Non tutti gli arrosticini nascono uguali. Lo sanno bene gli abruzzesi, che degli spiedini di carne di pecora hanno fatto una bandiera regionale, ma molto meno bene nelle altre parti d'Italia dove questo cibo semplice e gustoso si è trapiantato qua e là, spesso senza le caratteristiche indispensabili dei migliori originali.
Un vero amante della tavola non può accontentarsi di quei piccoli cubetti di carne, tutti uguali, tagliati a macchina e infilati su uno stecco che in molti supermercati e in molti locali vengono spacciati per arrosticini abruzzesi. La misura così ridotta della carne li fa carbonizzare in cottura, della tenerezza e del gusto non resta nulla.
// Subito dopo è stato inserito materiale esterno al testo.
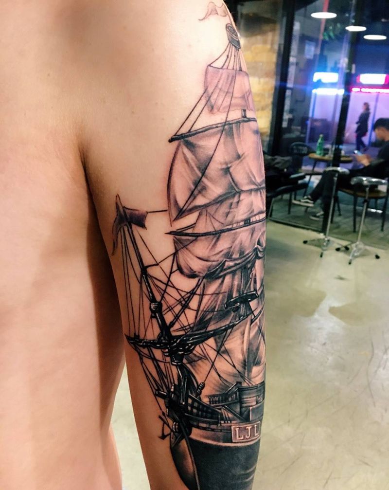 • 纹身吧推荐的披肩图腾半胛纹身图案作品展示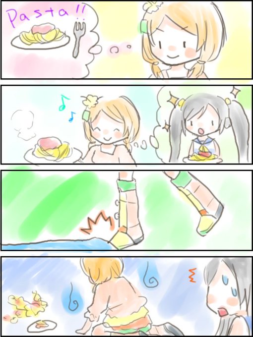 足元から食べると照れるというよりいつ食べられるか見えないから怖くてガクブルだと思うのででんコロネになったレンとそれを食べるるる描きました。 #でんコロネ

Le mie origini abruzzesi e la mia conoscenza palmo a palmo della regione, mi permettono di discettarne con qualche cognizione di causa. Dopo varie ricerche e esperienze ho trovato il mio fornitore preferito ne Il Signore delle Pecore, macelleria ovina di Pescara che ha costruito una strategia di vendita sull'arrosticino tagliato e infilato a mano davanti agli occhi del cliente, direttamente sul banco, e che ha una piccola succursale a Montesilvano, a pochi passi da casa mia.
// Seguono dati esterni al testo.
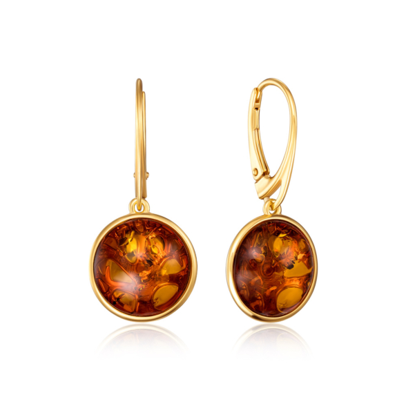 Срібні позолочені сережки з бурштином. Артикул AuE531.1C-E/20/2787

Gli arrosticini del Signore delle Pecore sono rinomati nei dintorni per la morbidezza della carne, la giusta alternanza tra parti magre e grasse e per le dimensioni generose che garantiscono una cottura perfetta e gustosa sulla tradizionale "fornacella" a carbone di legna.
Nella mia estate, diverse sere sono dedicate a questo cibo semplice e antico, cui aggiungo anche piccole bistecchine di pecora da cuocere allo stesso modo, dal sapore un po' meno caratteristico ma ancora più tenere.
Una cena a base di arrosticini, però, è assolutamente incompleta senza il giusto vino. Le scelte possono variare, a seconda dei gusti e della temperatura della serata: un rosso corposo, ma anche un rosato più fresco e fruttato, purché con un tenore alcolico sufficiente a competere con il sapore forte della pecora alla brace. Questa volta ho optato per un classico montepulciano in purezza, il vino tipico della stessa terra su cui brucano le greggi da carne e, per non bere qualcosa di già assaggiato, ho preso un prodotto che non conoscevo, il Plenus. Il vino è prodotto da una azienda agricola a conduzione familiare di Pianella, in provincia di Pescara, la cui specializzazione è negli oli, da vari cultivar e tutti biologici. La maggior parte delle terre della famiglia D'Addario-Palusci è coltivata a uliveti e solo 7 ettari sono dedicati alla vite. Dunque, una produzione di nicchia per vini a diffusione soprattutto locale, prodotti secondo dettami biologici e dai prezzi molto contenuti. Il Montepulciano Plenus, vinificato semplicemente in acciaio, si è rivelato davvero un vino ben fatto per i suoi 9€ scarsi. Ha un bel colore rubino intenso e mostra un bel corpo mentre ruota nel bicchiere. Il naso è abbastanza complesso e speziato, con vivissime note di ciliegia e sfumature più leggere di spezie, pepe nero, alloro e chiodi di garofano. Al gusto, domina ancora la ciliegia, ma tornano anche le spezie e note tostate in un buon equilibrio tra corpo e morbidezza, con tannini abbastanza delicati e un finale di media lunghezza. Il consiglio, per gustarlo al meglio su della carne di pecora alla brace in una serata estiva, è quello di servirlo a temperatura leggermente inferiore a quel che vorrebbe la sommellerie, diciamo intorno ai 12°, come ho fatto io. I profumi si aprono ugualmente e non vanno persi, ma il vino acquista una certa freschezza che migliora il sapore della carne infuocata. In conclusione, un abbinamento riuscito, con un vino piacevole che acquista ancora maggiore equilibrio gustato sopra il sapore intenso della carne ovina: il territorio non mente. 84/100 e una nota di merito per l'etichetta semplice e elegante che riproduce l'antico rosone della romanica pieve del paese.